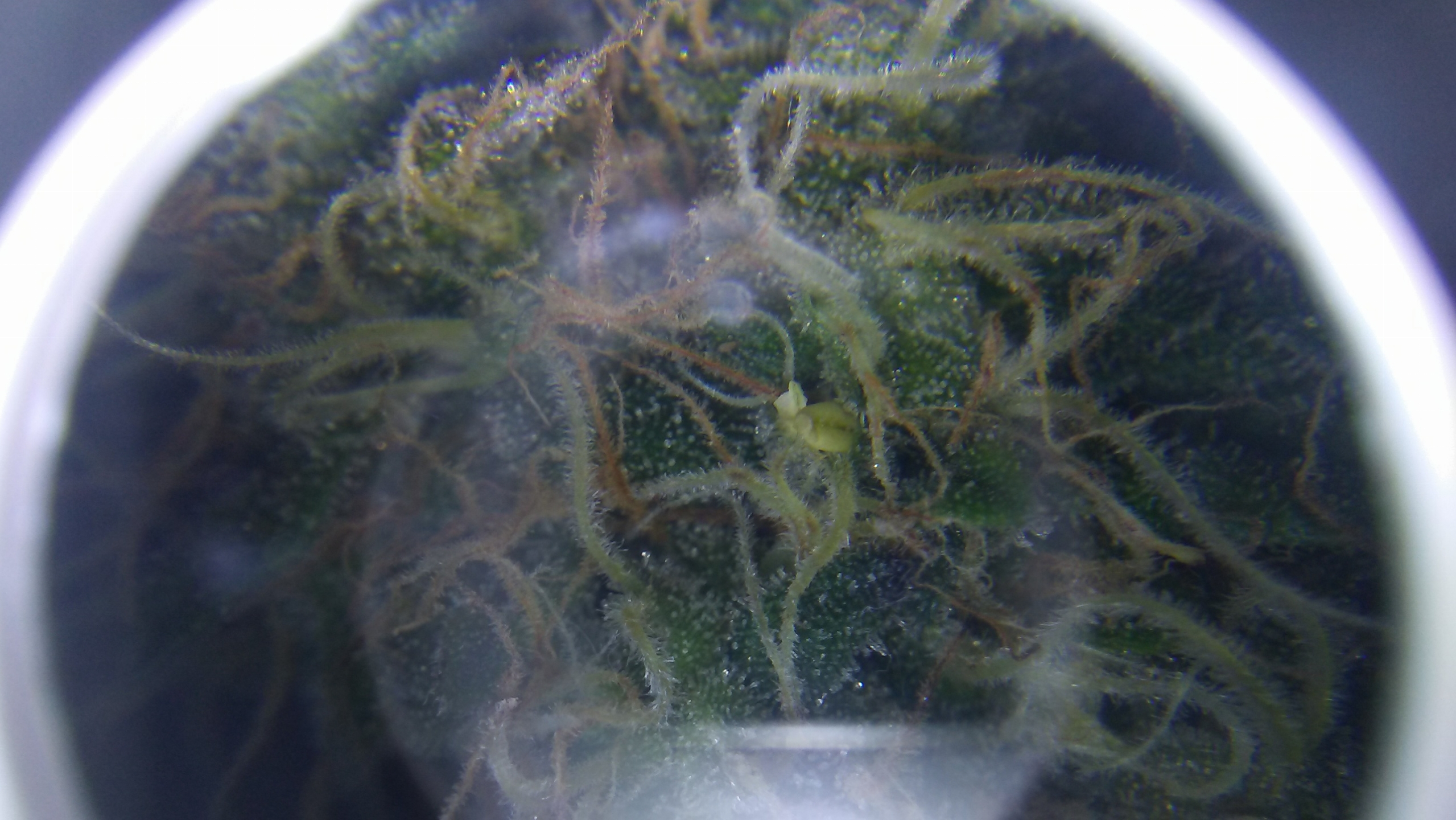 They got fed correct ratio of nutes, bud xl, drip clean, and molasses. Then next feeding same ratios, but added in pk booster, kinda gave em full strength instead of half, next day or so started seeing symptoms in leaves of what seemed to be mag def. So next feeding added in a cal-mag, hasnt made a difference. Maybe mag is locked out due to excess pk? Not sure so since its day 47 going to flush with ph water 20 gal per plant, check leach for ph and ppm then when flushed check em in a couple days. Keep checkin the trics and pray for the best.
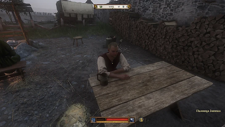 Следующий – Завиша. Купите у корчмаря 5 шт. алкоголя и вручите ему, потому что он не дерется трезвым. У него в диалоге передачи предметов необычный значок бесконечности, можете проверить, сколько в него влезет. Если этого диалога нет, то это баг, перемотайте время или вернитесь позже. В бою он очень агрессивно атакует и контратакует, но в бою с ним работает зажимание в угол и клинчи. Пока он отходит от клинча, у вас будет время на удар без контратаки с его стороны.
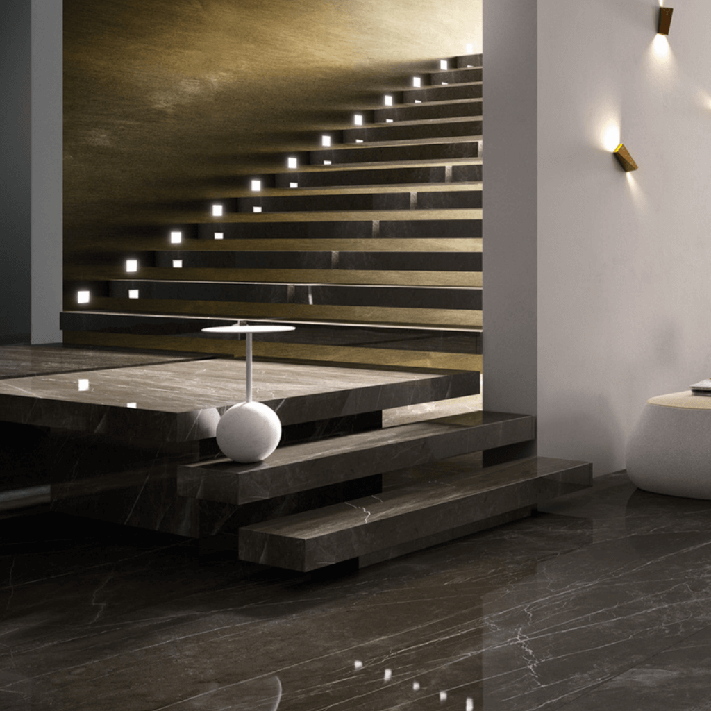 Керамогранит – это отличный материал для ступеней лестницы на улице. Он обладает высокой прочностью, поэтому может использоваться на лестницах в общественных зонах. Верхняя часть плит имеет рыхлую поверхность, которая обеспечивает лучшее сцепление с обувью.

__Problem description__:
Copy the full listing above exactly, apart from the pictures.

__Answer for the task__:
 They got fed correct ratio of nutes, bud xl, drip clean, and molasses. Then next feeding same ratios, but added in pk booster, kinda gave em full strength instead of half, next day or so started seeing symptoms in leaves of what seemed to be mag def. So next feeding added in a cal-mag, hasnt made a difference. Maybe mag is locked out due to excess pk? Not sure so since its day 47 going to flush with ph water 20 gal per plant, check leach for ph and ppm then when flushed check em in a couple days. Keep checkin the trics and pray for the best.
 Следующий – Завиша. Купите у корчмаря 5 шт. алкоголя и вручите ему, потому что он не дерется трезвым. У него в диалоге передачи предметов необычный значок бесконечности, можете проверить, сколько в него влезет. Если этого диалога нет, то это баг, перемотайте время или вернитесь позже. В бою он очень агрессивно атакует и контратакует, но в бою с ним работает зажимание в угол и клинчи. Пока он отходит от клинча, у вас будет время на удар без контратаки с его стороны.
 Керамогранит – это отличный материал для ступеней лестницы на улице. Он обладает высокой прочностью, поэтому может использоваться на лестницах в общественных зонах. Верхняя часть плит имеет рыхлую поверхность, которая обеспечивает лучшее сцепление с обувью.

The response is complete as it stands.